Prime Minister Benjamin Netanyahu hit out at the militant Palestinian organization Hamas on Sunday, after the group released an animted short film depicting abducted Israel Defense Forces soldier Gilad Shalit, who has been captive by Hamas in Gaza for nearly four years, returning to Israel in a coffin.
The video, said Netanyahu was a reflection of "the true character of Hamas."
"It is yet another despicable action aimed to help the Hamas leadership avoid making a decision regarding our offer for a prisoner swap deal which it has not responded to for many months," Netanyahu added.

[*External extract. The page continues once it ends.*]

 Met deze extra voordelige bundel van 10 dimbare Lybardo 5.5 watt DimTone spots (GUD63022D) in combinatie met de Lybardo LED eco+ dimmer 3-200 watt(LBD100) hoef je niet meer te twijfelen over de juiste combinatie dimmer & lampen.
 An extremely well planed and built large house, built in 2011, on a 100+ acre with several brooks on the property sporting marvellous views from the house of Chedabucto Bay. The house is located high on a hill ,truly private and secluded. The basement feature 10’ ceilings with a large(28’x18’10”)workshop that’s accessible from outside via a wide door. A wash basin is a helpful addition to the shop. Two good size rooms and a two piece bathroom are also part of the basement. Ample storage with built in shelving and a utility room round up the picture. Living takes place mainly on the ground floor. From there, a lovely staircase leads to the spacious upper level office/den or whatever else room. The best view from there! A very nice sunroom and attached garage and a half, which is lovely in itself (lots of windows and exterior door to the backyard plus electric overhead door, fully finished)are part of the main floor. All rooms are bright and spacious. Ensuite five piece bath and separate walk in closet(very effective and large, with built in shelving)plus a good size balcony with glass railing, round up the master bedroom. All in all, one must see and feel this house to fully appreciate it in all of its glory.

"This offer," Netanyahu said, "which was formulated between Israel and the Hamas with the German mediator, will enable a healthy and whole Gilad Shalit to return home to his family."

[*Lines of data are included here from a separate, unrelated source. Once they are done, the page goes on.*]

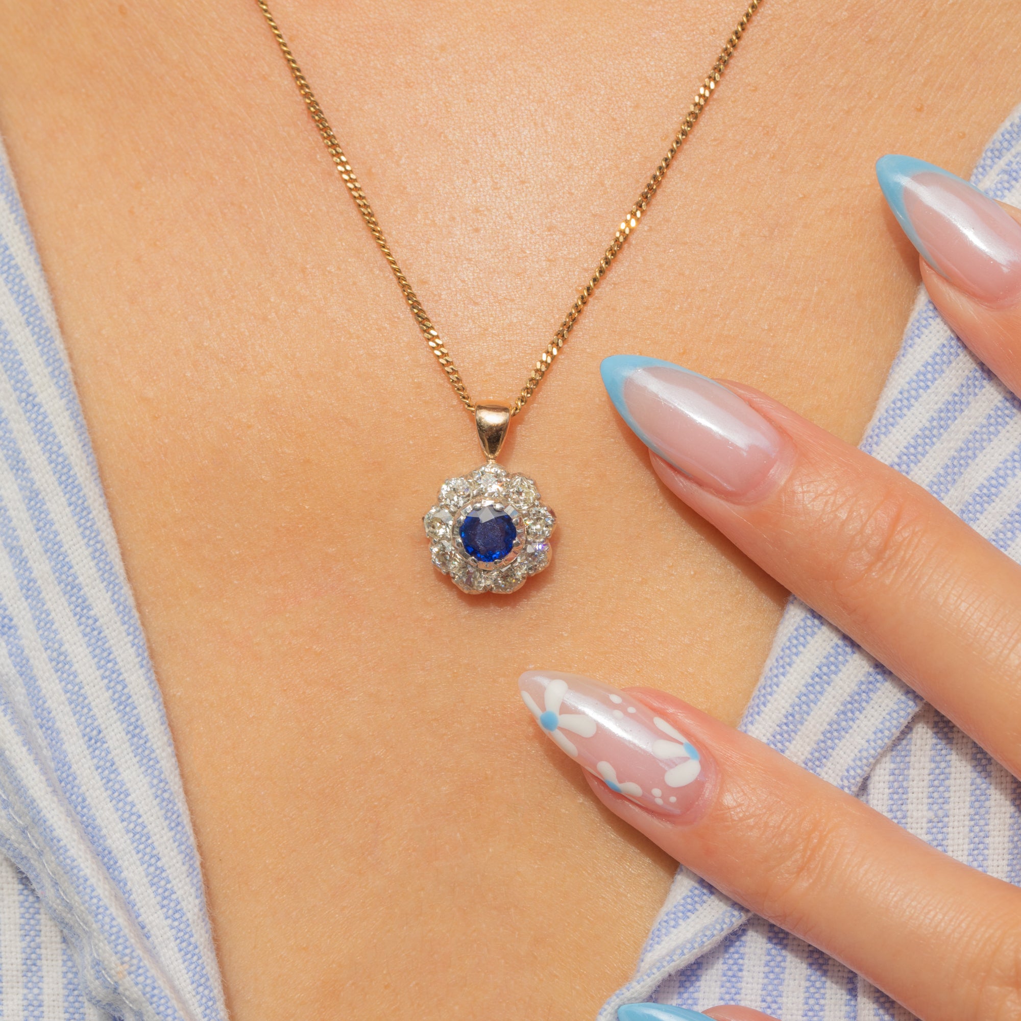 The Sapphire and Diamonds, boasting 0.30ct and 0.65ct respectively, are delicately formed into a classic floral cluster.
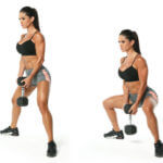 - Приседания с гантелей между ног (12-20 повторений)
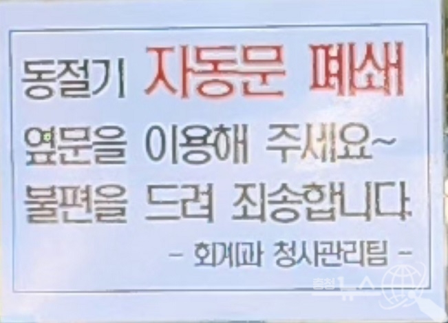 동절기 난방비 절약 명목하에 자동문 폐쇄-
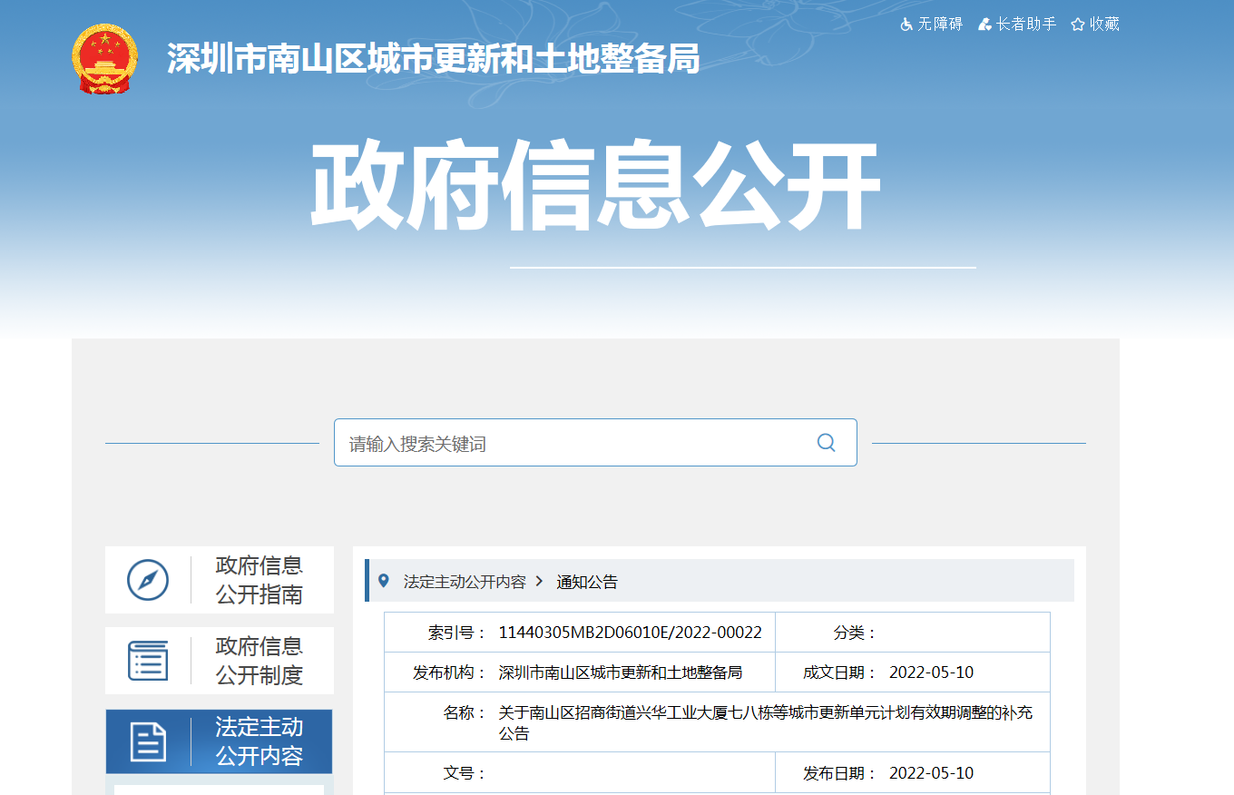 5月10日,南山城市更新和土地整备局发布了关于南山区招商街道兴华工业大厦七八栋等城市更新单元计划有效期调整的补充公告。南山区招商街道兴华工业大厦七八栋城市更新单元、...
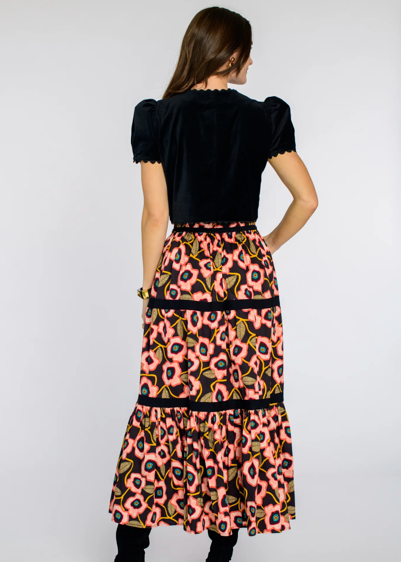 Our button-front Coco is a darling silhouette that can be worn as a top or jacket. With puffed sleeves, ric rac trim, and oversized buttons, she is the sweetest wardrobe addition to wear as part of a set or layered over sleeveless dresses.
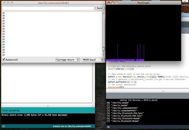 En este punto, deberías ver algo como lo que aparece en las imágenes en pantalla.  Tengo la serie ventana abierta en el IDE de Arduino en el fondo y el Applet de Java que proceso genera en el forground.  Si los valores en la ventana del serial son demasiado alta (digamos constantemente por encima de 150) o el gráfico se ve significativamente más morado que en la siguiente imagen, ajustar el potenciómetro hacia abajo para que el circuito no es recoger tanto "ruido" ambiental.
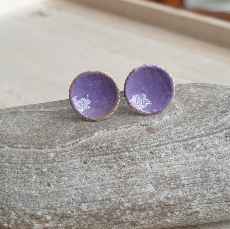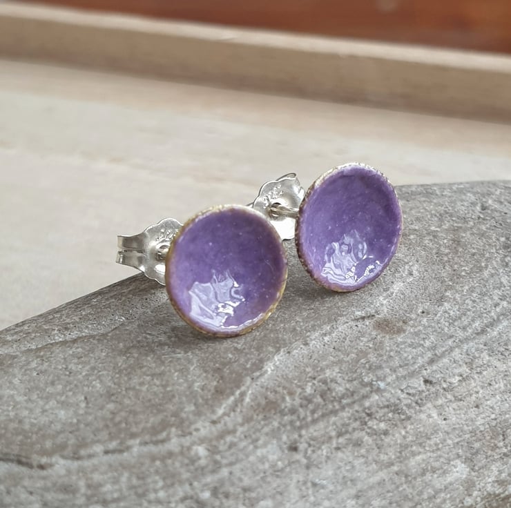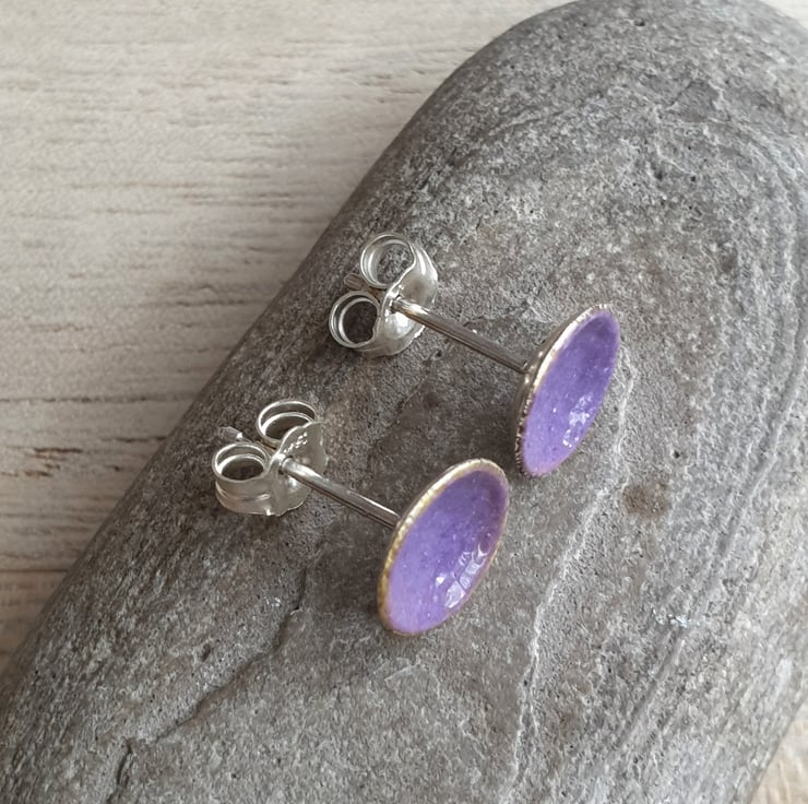 These lilac enamel studs have been handmade from sterling silver sheet which I've cut into little circles and then domed slightly. I've filled them with vitreous enamel in opaque lilac and given the backs a shiny polished finish. They come complete with butterfly backs.

The three-minute animation, shown on the website of Hamas' military wing, warns that Shalit could face the same fate as Israel Air Force navigator Ron Arad, whose whereabouts have been unknown since he bailed out of his plane over Lebanon in 1986.

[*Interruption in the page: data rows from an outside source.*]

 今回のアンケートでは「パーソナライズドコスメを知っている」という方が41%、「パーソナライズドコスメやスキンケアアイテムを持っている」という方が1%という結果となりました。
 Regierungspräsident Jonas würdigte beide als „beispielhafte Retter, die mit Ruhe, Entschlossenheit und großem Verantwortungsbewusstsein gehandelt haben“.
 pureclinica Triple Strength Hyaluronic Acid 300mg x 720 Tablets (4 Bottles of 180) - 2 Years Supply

The voice-over in the clip is that of Gilad Shalit, as heard in a video released by his captors last September.
In the cartoon, the soldier's father Noam Shalit is seen walking aimlessly, before picking up a newspaper with a front-page advertisement offering a reward of $50 million for information on his son.
The advertisement is a direct reference to Israel's offer of a $10 million reward for information about Arad.
Shalit was abducted on June 25, 2006 in a cross-border raid launched from the Gaza Strip by Palestinian militants. Hamas is demanding that Israel free 1,000 prisoners in exchange for him, but negotiations, held via a German mediator, have so far brought no result.
Hamas said it wanted to reach "the wide Israeli public" and end the months-long stalemate in German and Egyptian mediated talks on a prisoner swap.
"Our message is clear, and that is that Shalit's case must end with the release of our prisoners. Otherwise, he may end up like the missing Ron Arad," a Hamas source said, referring to an Israeli airman widely presumed to have died in captivity after he bailed out over Lebanon in 1986 and was seized by guerrillas.
"If the Israelis want Shalit to get released safe and sound, their government should pay the price by releasing Palestinian prisoners," Hamas declared.
"If the Israeli government rejects the Palestinian resistance demands, Israel will be obliged to release the Palestinian prisoners sooner or later with heavier prices...the prisoners will be released anyway," Hamas said.
Gilad's father Noam responded to the tape shortly after it was issued, saying, "It is unfortunate that Hamas leaders choose, time and again, to use tactics of psychological warfare against the Shalit family and the Israeli public instead of referring to and approving a deal for the exchange of Palestinian prisoners that was handed to them by the German mediator and has been lying on their desk, unanswered, for four months."
Noam Shalit also referred to the letter he recently sent to Hamas politburo chief Khaled Meshal.
"As we stressed in the letter...the Hamas leaders express their political and personal interests over the interests of the Palestinian people by postponing the release of over 1,000 Palestinian prisoners, and the release of the entire population in the Gaza Strip from the continuous political and economic suffocation which they have been held in for years as a direct result of holding our son Gilad captive for over four years.
"The Hamas leaders would do well if they stopped producing films and installations, and took care of the real interests of the Palestinian prisoners and the simple Gaza residents, who have been held hostage by their own leaders for a long time," he added.
The cartoon displayed Sunday also warned that Hamas would kidnap more Israeli soldiers in order to bargain for the release of thousands of Palestinian prisoners held in Israeli jails.